## Exercise details
Beginning with the opening line of the entries, return every line through the one containing "Градинска люлка за", both included, and nothing else. Omit pictures.

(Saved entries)
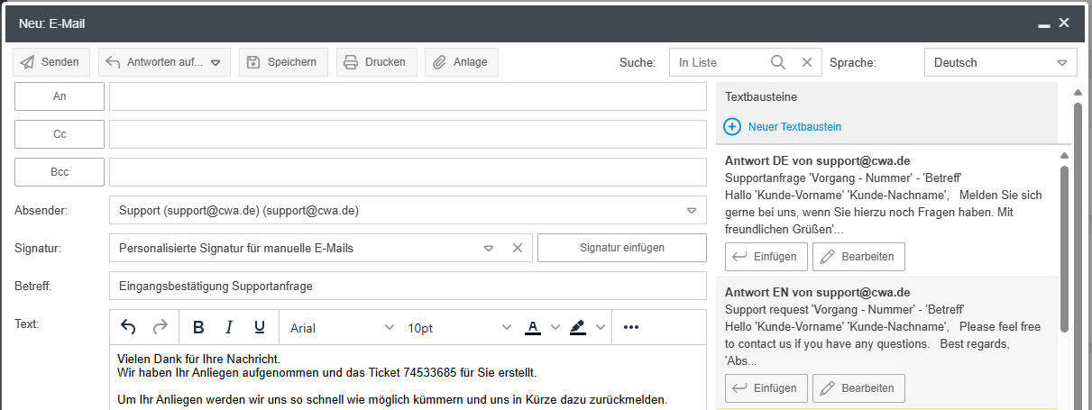 ![]() | Mit dem Button <E-Mail> können E-Mails aus dem Vorgang heraus gesendet werden. Auf der rechten Seite ist ein Zugriff auf vorkonfigurierte Textbausteine, die in den Einstellungen unter Textbausteine - Vorgangs-E-Mails definiert werden können. Außerdem können in der Administration Signaturen definiert werden, die in diesem Fenster im Drop-Down-Feld Signatur ausgewählt und dem E-Mail-Text hinzugefügt werden können. Mit den Buttons <An>, <Cc> und <Bcc> links neben den Empfänger-Feldern wird das Kontaktverzeichnis geöffnet, über das auch die internen Benutzer aufgerufen werden können. Alternativ können auch eine oder mehrere, durch ein Semikolon getrennte E-Mail Adressen manuell eingetragen werden. ![]() Mit einem Klick auf Über den Button <Anlage> können der E-Mail eine oder mehrere Anlagen angefügt werden. Aus dem Vorgang versendete E-Mails werden in der Aktivitätenliste des Vorgangs gespeichert. |
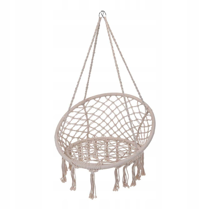 Градинска люлка за закачане, със здрава метална рамка и мрежа от дебели бежови въжета, вързани в долната част на артистични пискюли
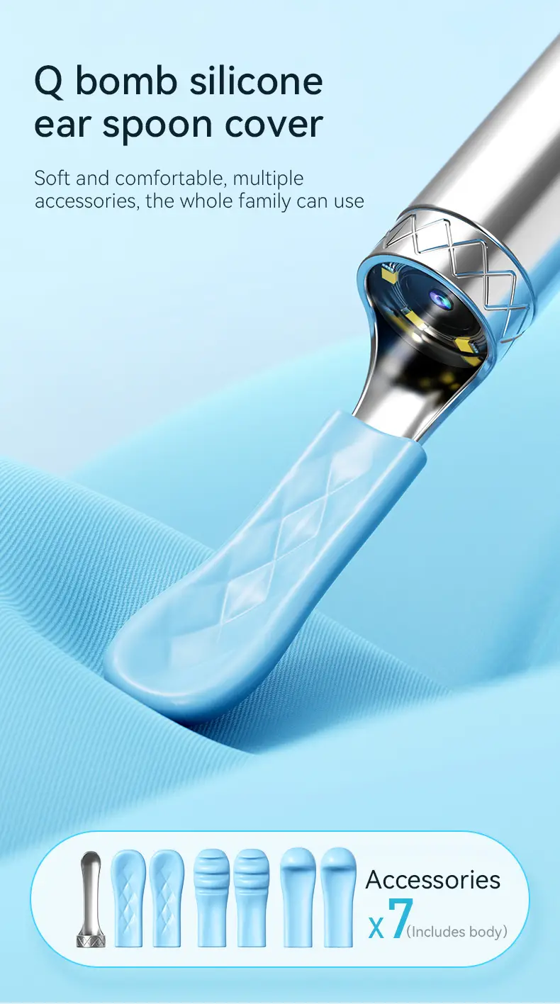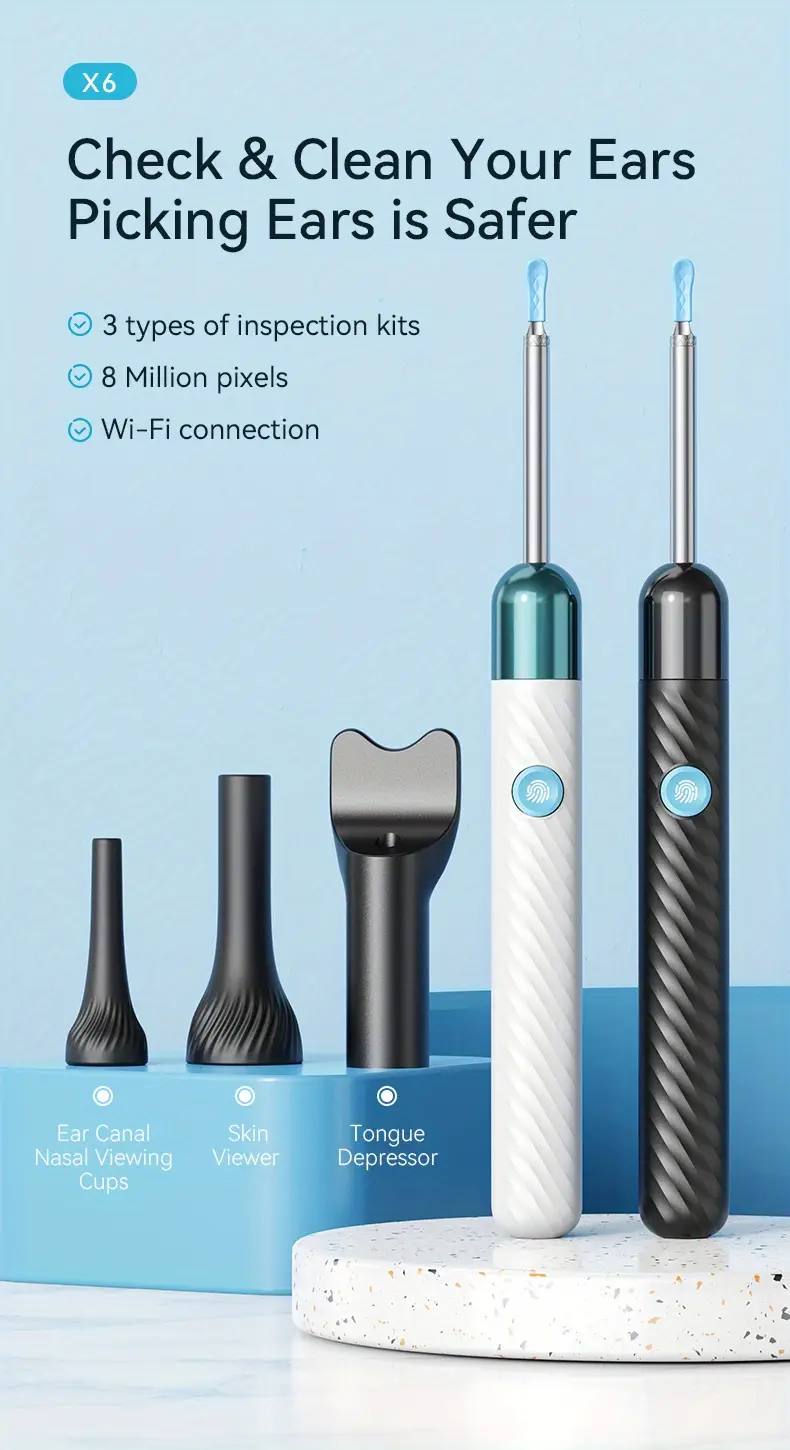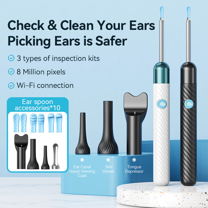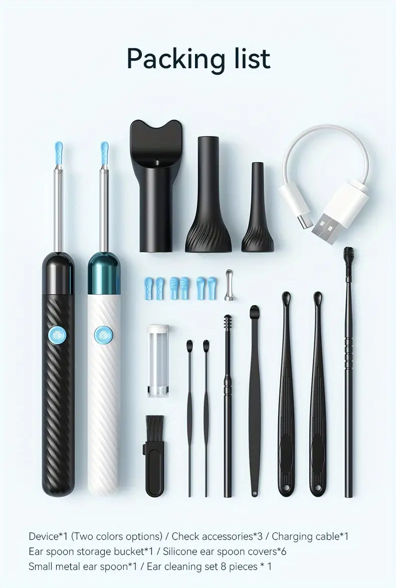 Quloq shilliqni olib tashlash to'plami 6 ta quloq qoshiq qopqog'ini va kamera va yoritgich bilan jihozlangan simsiz asbobni o'z ichiga oladi. iOS va Android bilan mos keladi. Lopata shaklidagi quloq kanali tozalagichni o'z ichiga oladi.
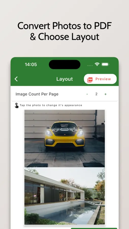 Use "Photos to PDF Converter & Scan" to scan photos or documents from your camera or add them from your photo gallery. Choose the count of photos per page and select layout of pages, including pre-defined Photo Grid layouts. You can resize images with medium or small file size option and choose to fit or fill the image on the page or in the Photo Grid by tapping the photo.
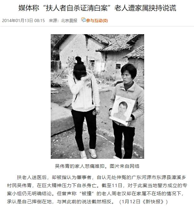 在2013年12月31日,广东河源铲车工吴伟青,好心扶起摔倒的老人,却被对方家属讹诈20万。因无监控、无证人,吴伟青百口莫辩,于2014年1月2日跳河自杀,用生命证明清白。后续警方调查确认,吴伟青的摩托车距离老人80厘米,根本不可能撞到对方,老人最终承认自己摔倒,就是想讹点钱,自己本心不坏,是因为对方不坚强……
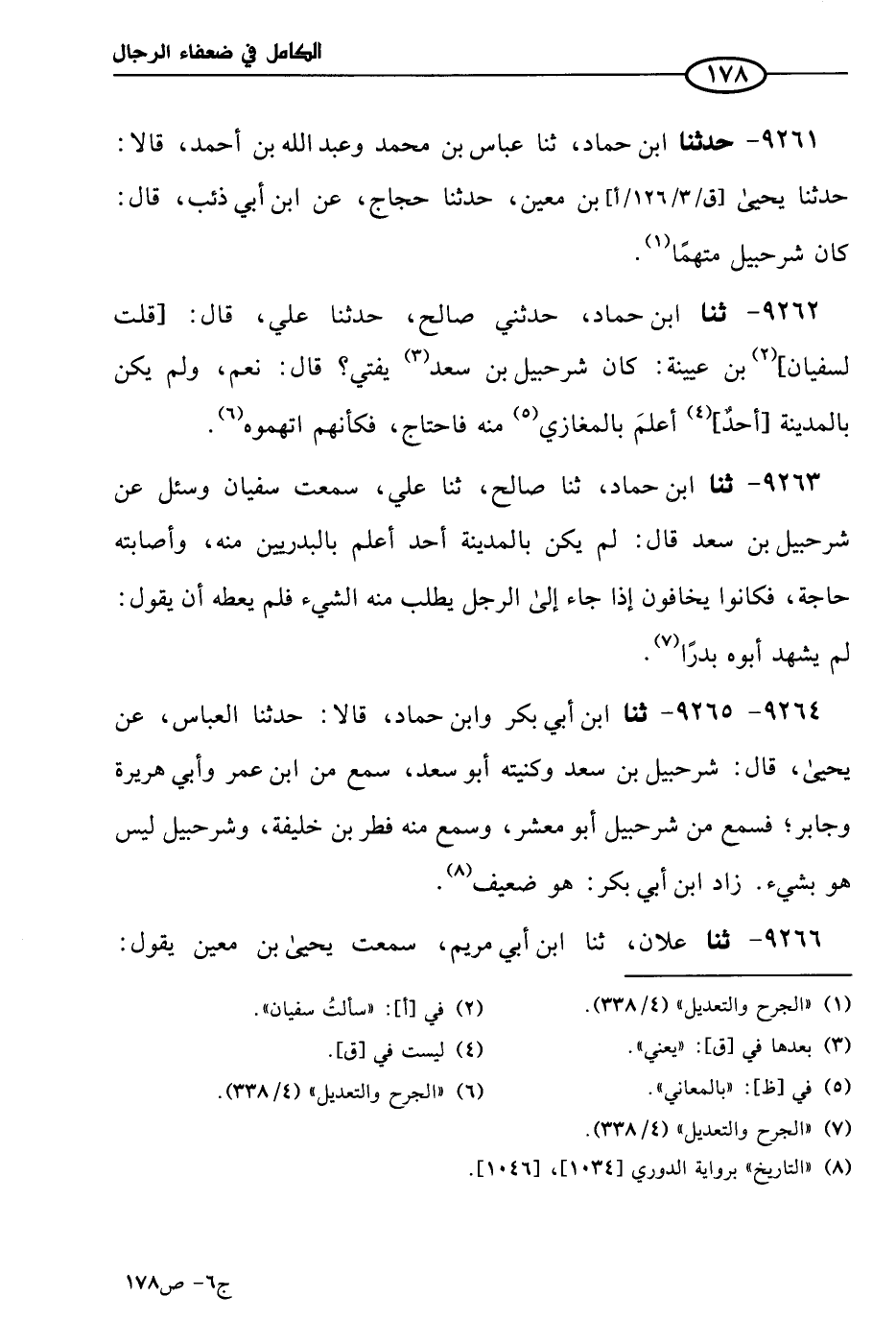 9266 - حَدثنا علان، حَدثنا ابن أبي مريم، سمعت يَحيي بن مَعين يقول: شرحبيل بن سعد ضعيف الحديث، يكتب حديثه.
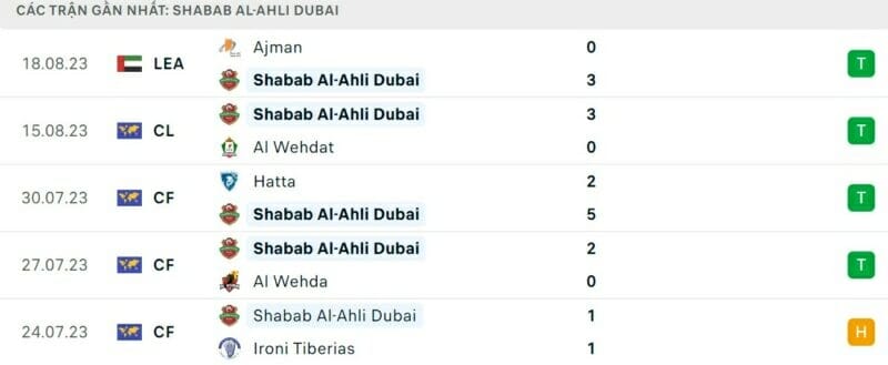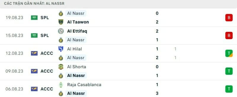 Phong độ gần đây Al Nassr vs Shabab Al-Ahli Dubai:

## Solution to the exercise
 ![]() | Mit dem Button <E-Mail> können E-Mails aus dem Vorgang heraus gesendet werden. Auf der rechten Seite ist ein Zugriff auf vorkonfigurierte Textbausteine, die in den Einstellungen unter Textbausteine - Vorgangs-E-Mails definiert werden können. Außerdem können in der Administration Signaturen definiert werden, die in diesem Fenster im Drop-Down-Feld Signatur ausgewählt und dem E-Mail-Text hinzugefügt werden können. Mit den Buttons <An>, <Cc> und <Bcc> links neben den Empfänger-Feldern wird das Kontaktverzeichnis geöffnet, über das auch die internen Benutzer aufgerufen werden können. Alternativ können auch eine oder mehrere, durch ein Semikolon getrennte E-Mail Adressen manuell eingetragen werden. ![]() Mit einem Klick auf Über den Button <Anlage> können der E-Mail eine oder mehrere Anlagen angefügt werden. Aus dem Vorgang versendete E-Mails werden in der Aktivitätenliste des Vorgangs gespeichert. |
 Градинска люлка за закачане, със здрава метална рамка и мрежа от дебели бежови въжета, вързани в долната част на артистични пискюли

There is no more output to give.